Metformin hydrochloride tablets, as hypoglycemic drugs, have no clear weight loss effect on simple obesity, and there is a risk of exceeding the instructions for weight loss. Metformin hydrochloride is a first-line treatment drug for type 2 diabetes. It mainly regulates blood sugar by inhibiting liver glucose output and improving insulin resistance. The possible appetite loss and slight weight loss caused by metformin hydrochloride are the concomitant effects of diabetes treatment rather than the main mechanism.

Clinically, some patients with diabetes may have 2-3 kg weight loss after taking metformin hydrochloride, which is related to the reduction of food intake caused by gastrointestinal reaction caused by drugs. For non diabetes patients, the inhibitory effect of the drug on gluconeogenesis may affect normal energy metabolism, and there is no evidence of long-term safety. The drug instructions do not include weight loss as an indication. Common adverse reactions of metformin hydrochloride include gastrointestinal symptoms such as diarrhea and nausea, and long-term use may interfere with the absorption of vitamin B12. This drug is contraindicated for patients with severe liver and kidney dysfunction, as well as heart and lung failure. The 2016 International Association of Obesity Medicine guidelines clearly state that metformin is not recommended as a treatment for obesity.

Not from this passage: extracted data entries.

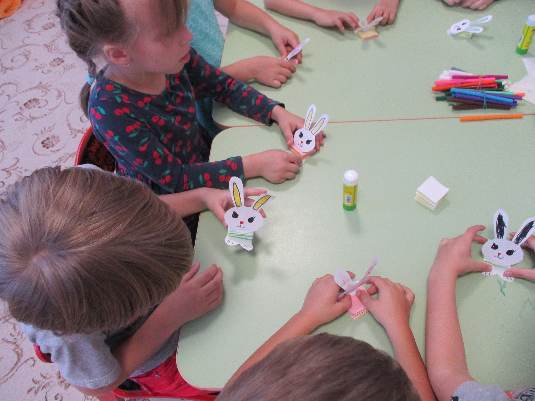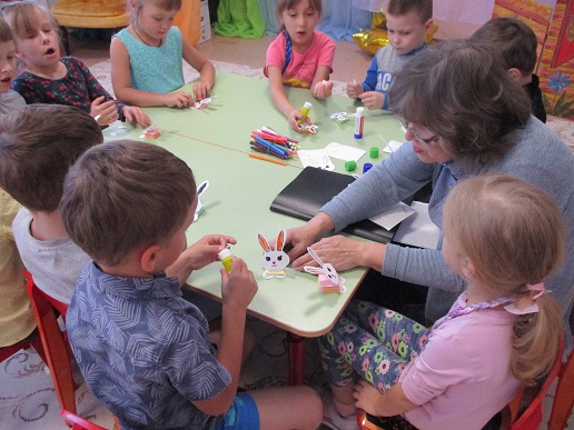 Библиоурок начался с изучения карты России на первой странице книги «Таёжные сказки». Внимательно прослушав стихотворную сказку, которую озвучил «волшебный карандаш», дети активно обсудили её содержание, объяснили, чем вызвано беспокойство зайца в связи с приходом весны. «Волшебный карандаш» пригласил детей и к загадкам о лесных жителях. Старательно дети трудились и над поделкой из бумаги главного героя сказки, получилась целая команда разноцветных зайчиков, но не в белой зимней шубке, поскольку каждому юному читателю хотелось создать своего сказочного лесного обитателя. Таким образом, чтение сказки с элементом совместного творчества и взаимопомощи позволит не только расширить детский кругозор, сделать притягательным процесс чтения, но и положительно скажется на эмоциональном здоровье ребёнка.
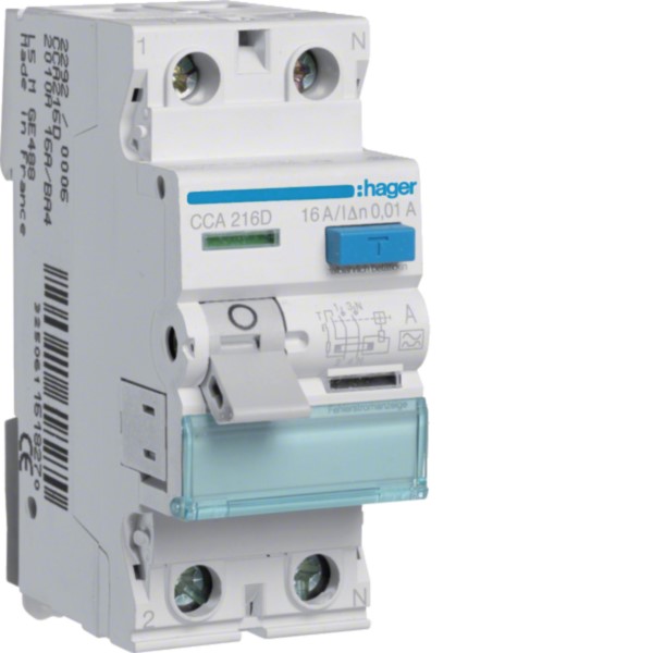 FI-Schutzschalter 2pol. 16A/10mA,6kA CCA216D
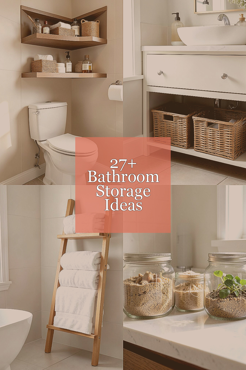 Sometimes the best bathroom storage is a mix of a few small ideas that work together. You might use shelves, baskets, jars, and hooks to make the room both pretty and useful.
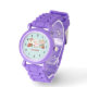 Um relógio com uma ilustração fofinha, com um coelho, um urso e um veado, todos vestidos com roupas festivas. Adorável e caprichoso.
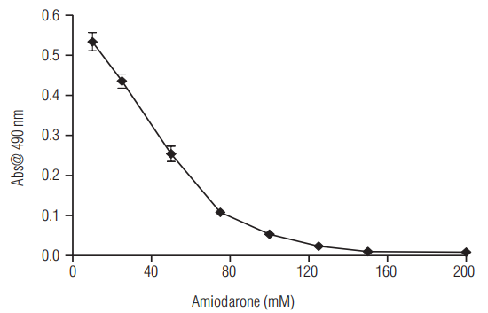实验还检测了胺碘酮对HepG2细胞活力的影响。将HepG2细胞接种于96孔板中,培养24小时。用不同浓度的胺碘酮处理细胞培养24小时,使用NanoDrop One/OneC分光光度计测量490 nm处的吸光度,MTS分析如图3所示。
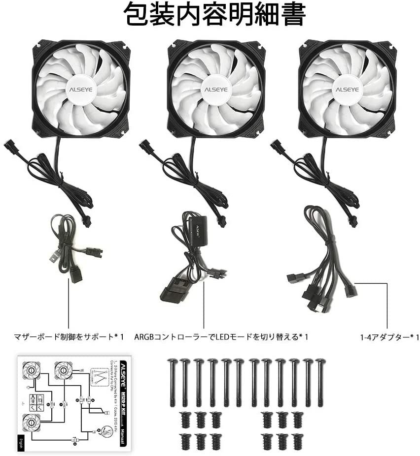 مراوح تبريد بأضاءات RGB مع جهاز تحكم 3 مراوح للكمبيوتر Alseye Halo 4.0 120mm
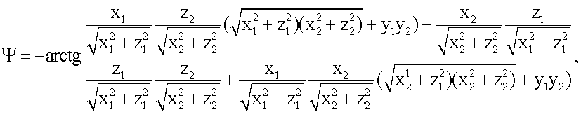 где Y1 , Z1 , Y2 , Z2 – координаты изображений маяков, м; первый индекс обозначает номер фотоматрицы, второй индекс – номер маяка =1, 2, для маяка M1 и M2 соответственно; F – фокусное расстояние объектива, м; В – расстояние между первым и вторым ОЛБ, м; вычисляют углы ориентации ЛА относительно ВПП – углы рыскания , крена , тангажа ,
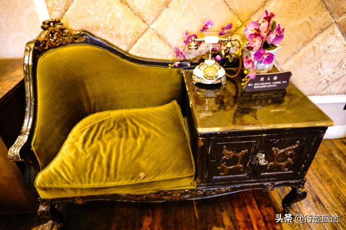 在这个西式厅的角落一件很多独特的物件,经常看电视剧的一眼就能认得出来,这个就是罗汉床,这个在清朝和民国的影视剧经常能看到,就是很多人躺着上面,张学良也不例外,听说张学良当年也在这个地方吸烟。1925年的时候张学良因为特别的事情染上烟瘾,最后在宋子文的帮助下戒掉了烟瘾。
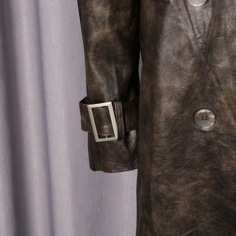 double-breasted leather trench coat with wide lapels – NOIRÉ
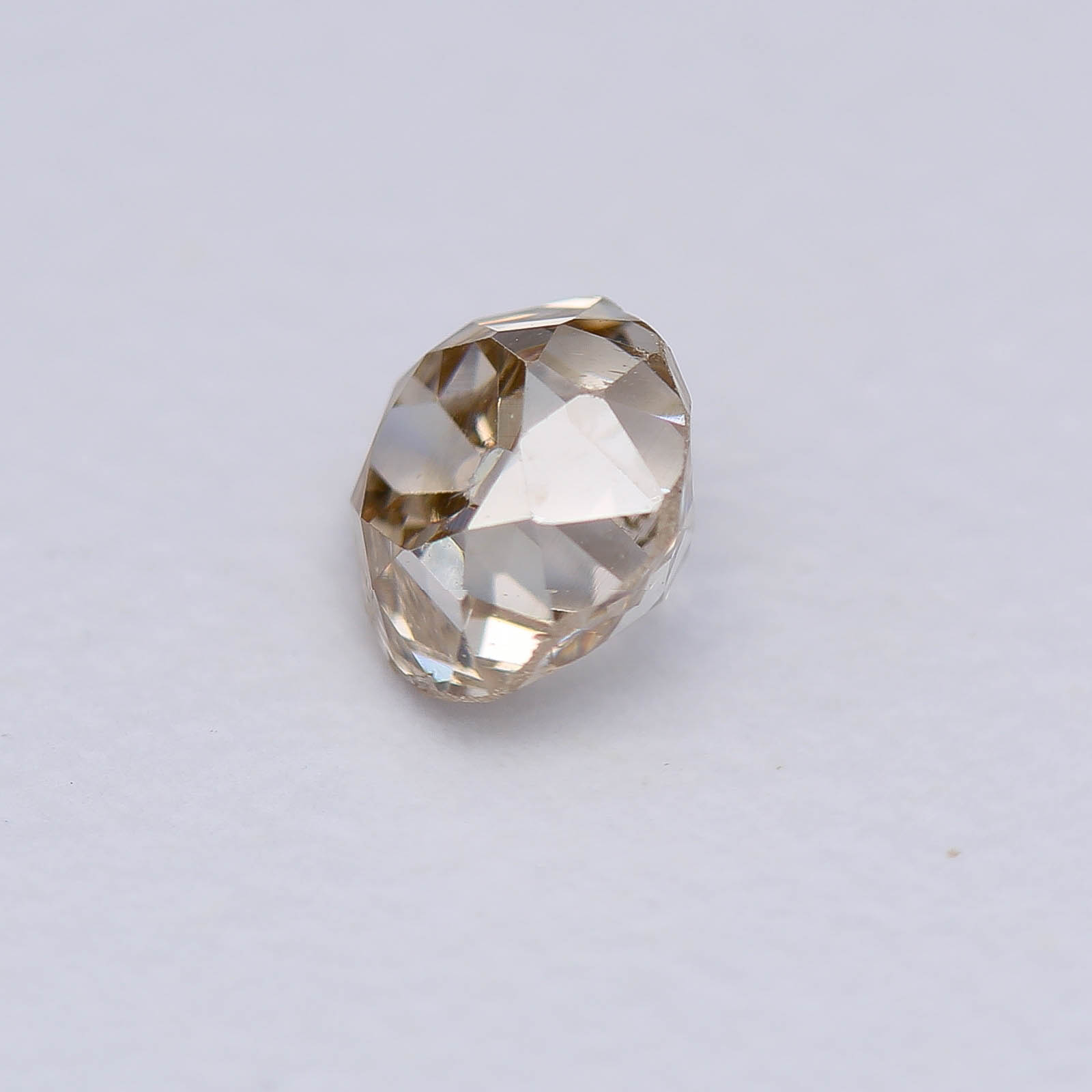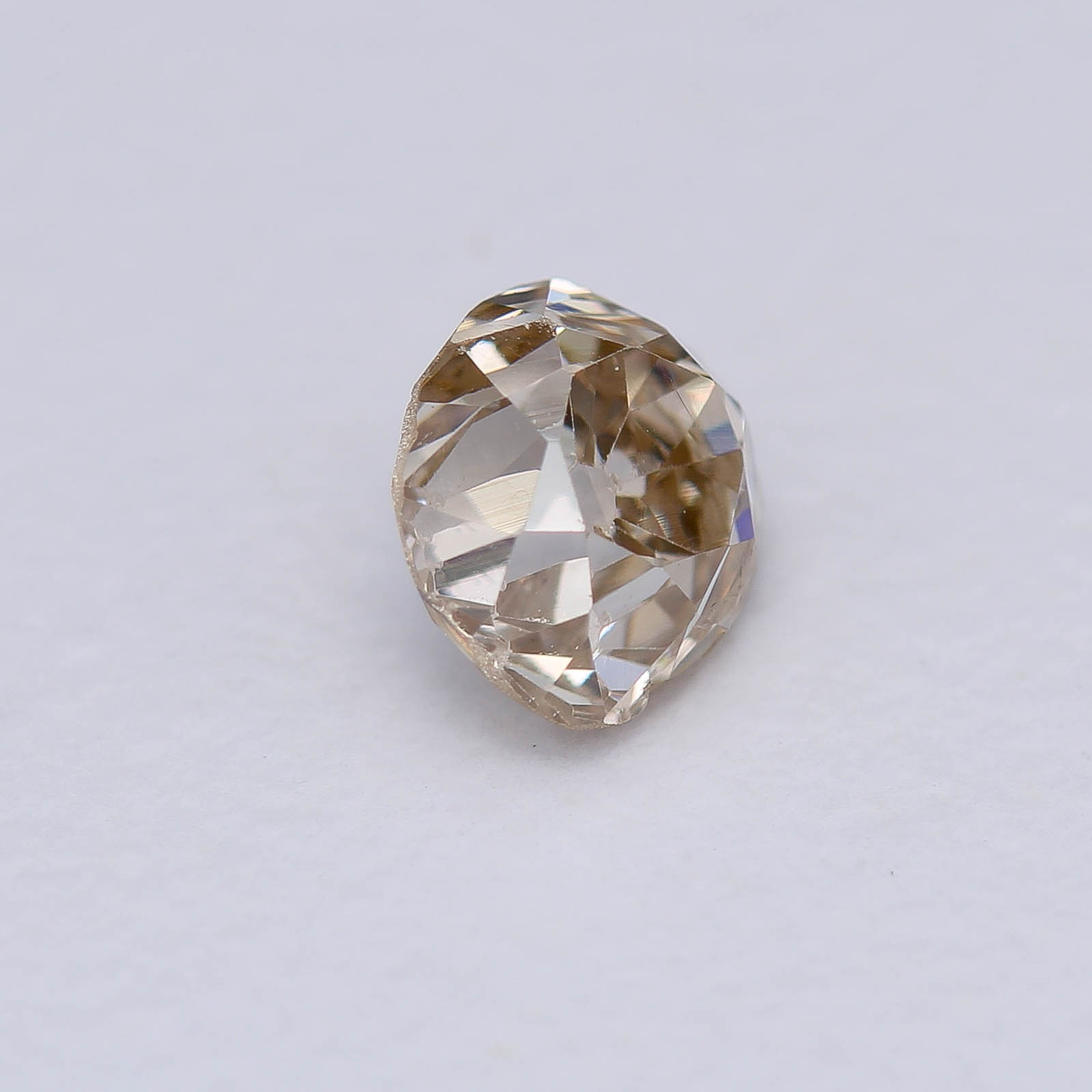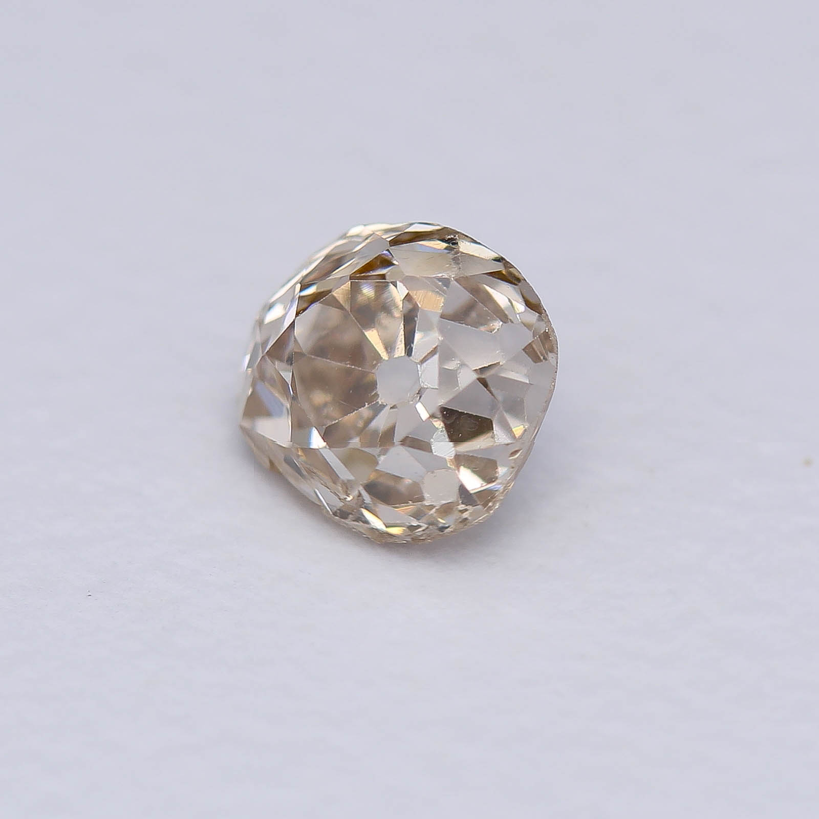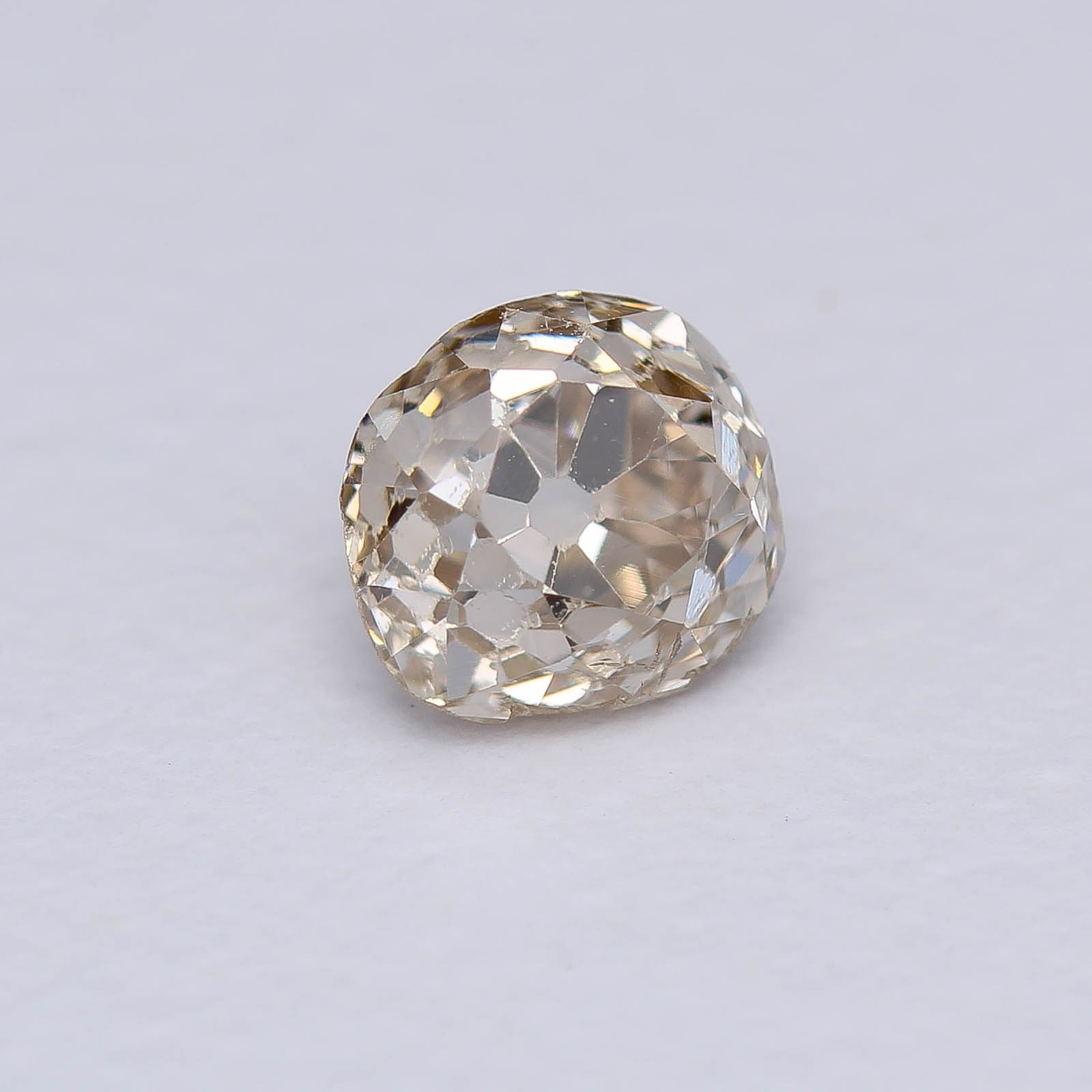 Nice cushiony outline on this rather wonky old miner, thanks to a newly faceted girdle. Faceting a girdle is quite the unconventional move for us on these oldies but we felt the need to liven it up. In this case, quite the improvement!

It is recommended to manage weight through scientific diet control and regular exercise, maintain a daily calorie deficit of 200-300 calories, and engage in 150 minutes of moderate intensity exercise per week. For obese patients who meet medical standards, approved weight loss drugs such as Orlistat capsules and Liraglutide injection should be selected under the guidance of endocrinologists. Self consumption of hypoglycemic drugs for weight loss may lead to serious complications such as electrolyte imbalance and lactic acidosis.